Panama has taken a firm step towards tightening its problem gambling policies as online betting activity continues to rise. Lawmakers approved a new bill to introduce stricter controls on operators while strengthening protections for vulnerable players.

The legislation, proposed by Raúl Pineda and Crispiano Adames, has now passed through the National Assembly. It introduces a series of obligations for online casinos aimed at reducing harm and improving oversight across the sector.

With legislative backing secured, the bill will now move to José Raúl Mulino Quintero for final approval before it becomes law.

Mandatory levy to fund treatment and support systems

One of the most notable elements of the proposal is the introduction of a mandatory 10% levy on operator earnings. These funds will be directed to the Institute of Mental Health to support the development of treatment programmes and a specialised care centre.

The bill also outlines plans for nationwide education programmes, targeting schools as a key entry point for awareness. Authorities aim to ensure younger audiences understand the risks associated with gambling before exposure increases.

Biometric checks and advertising restrictions introduced

The legislation introduces mandatory biometric identification across online platforms. This requirement is intended to prevent minors from accessing gambling services and to strengthen identity verification processes. Payment methods are also regulated to limit financial debt and uncontrolled spending. 

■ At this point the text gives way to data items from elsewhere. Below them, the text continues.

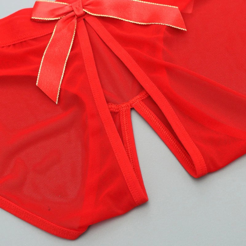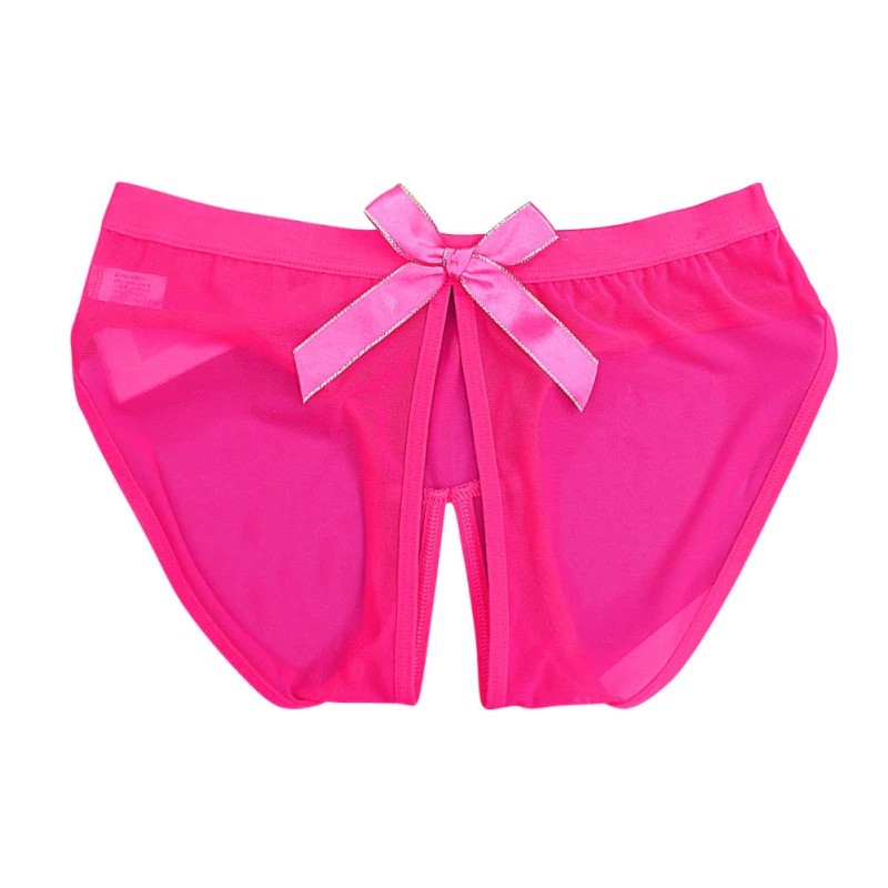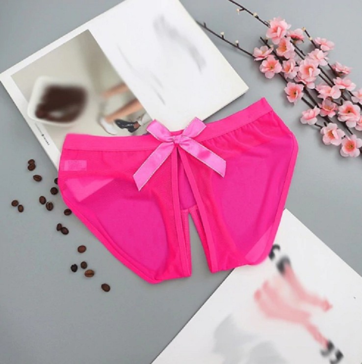 Alushousuissa on reikä keskellä ja ylähelma on koristeltu ruseteilla.
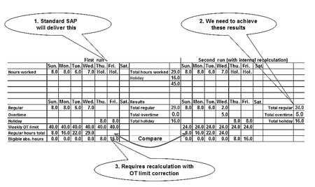 SAP R/3 calculates weekly overtime analysis
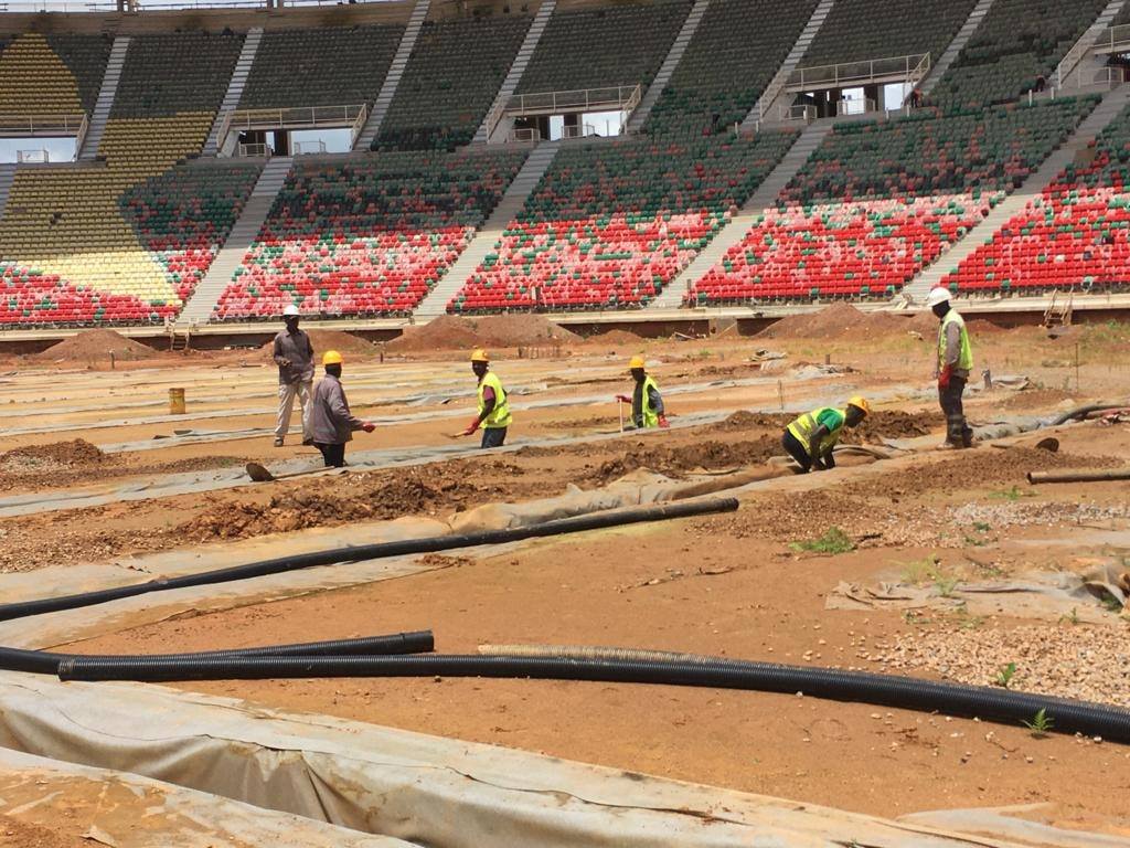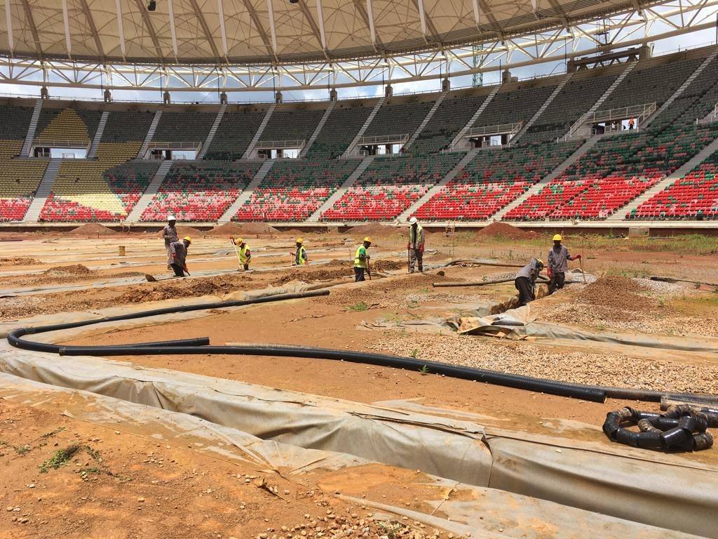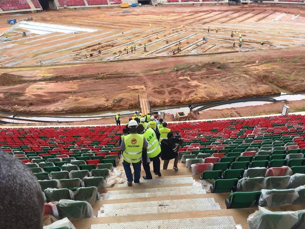Las d’attendre la reprise des travaux arrêtés depuis le mois de mars 2019, le Président du Comité d’Organisation de la Coupe d’Afrique des Nations 2021 a servi une mise en demeure bien sentie à l’entreprise italienne Gruppo Piccini pour la forcer à reprendre les travaux avant le 15 octobre 2019. Repondant donc à cet ultimatum adressé le 7 octobre dernier, les travaux, bien que timides, ont été réactivés sur deux fronts, l’habillage des façades et l’aménagement de l’aire de jeu.
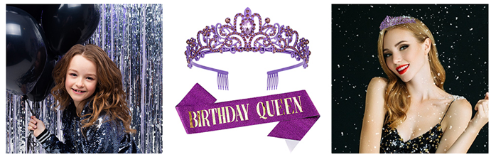 VELSCRUN Happy Birthday Queen Violets Tiara Crowns for Women, Birthday Girl Sash, Birthday Party Favors Supplies Birthday Gift for Her, 21st Birthday Party Decorations, Birthday Stuff Accessories
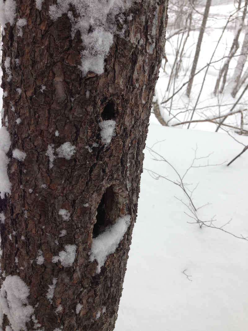 This photo, taken in March at our 'Sugaring' lab at the Cornell Cooperative Exchange depicts an animal sign. The two large holes in the tree are most likely from a woodpecker (species unknown). Here's a question: why exactly to woodpeckers peck? These species of bird are unique in that they like to eat insects that burrow in the bark of trees, such as termites or other borers. They also may raise their young in the bark of trees, so larger holes may indicate so. Contrast to what may be common belief, woodpeckers do not actually eat the wood, they are just trying to get around it. What I find most interesting about this photo is the fact that there are two holes, one slightly larger than the other, right on top of each other. It makes you question what the pecker was looking for -- perhaps it was looking for food, but then decided that this was a good place to raise its young, so it started pecking a much larger hole. Or, it is also possible that it was looking for food, found it, but had a hard time getting to it so it pecked another hole...it will remain a mystery.
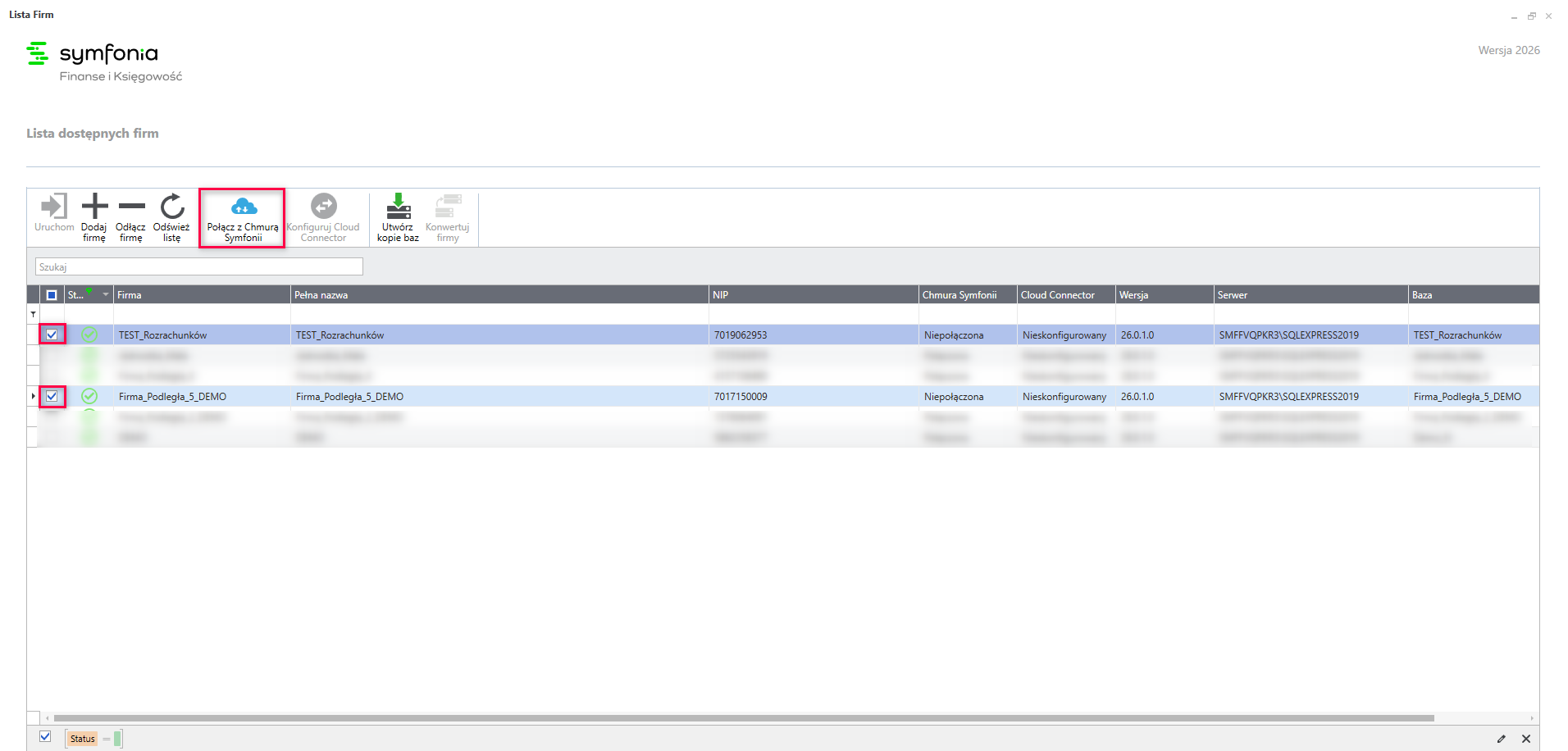 3. Na ekranie Lista dostępnych firm zaznacz te firmy, które chcesz połączyć z wybranym Kontem firmy głównej Chmurze Symfonii i kliknij przycisk Połącz z Chmurą Symfonii.
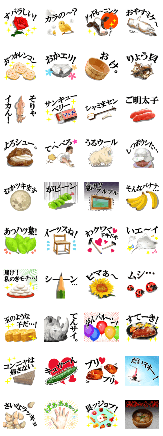 リアルな物や食べ物、動物のダジャレスタンプの続編です。
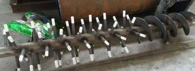 3.加大出料口或加長料槽端部,以解決排料不暢或來不及排料的問題。同時,還可在出料口料槽端部安裝一小段反旋向葉片,以防端部堵料。
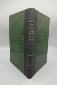 demi-reliure de l'époque en chagrin nuit. Dos à 5 nerfs portant seulement le titre doré, tranches jaspées. Ex- libris manuscrit et étiquette sur la page de titre.

Advertising will face significant restrictions under the new rules. Promotions across media channels, social platforms and sports environments are set to be banned.

Operators will also be prohibited from using public figures or influencers to promote gambling products. Oversight will be handled by the Gaming Control Board, which will be equipped with tools to detect violations in real time.

Enforcement framework signals stricter regulatory direction

The bill outlines clear penalties for non-compliance. Operators could face fines of up to 10% of their income and potential licence suspension or criminal proceedings.

Panama’s move comes at a time when several markets in Latin America are revisiting their gambling frameworks. Brazil is preparing to raise its gross gaming revenue tax rate to 18% by 2027, while Colombia and Peru are adjusting their regulatory and tax structures.

These shifts are influencing how operators approach the region, with compliance and cost structures key to long-term planning.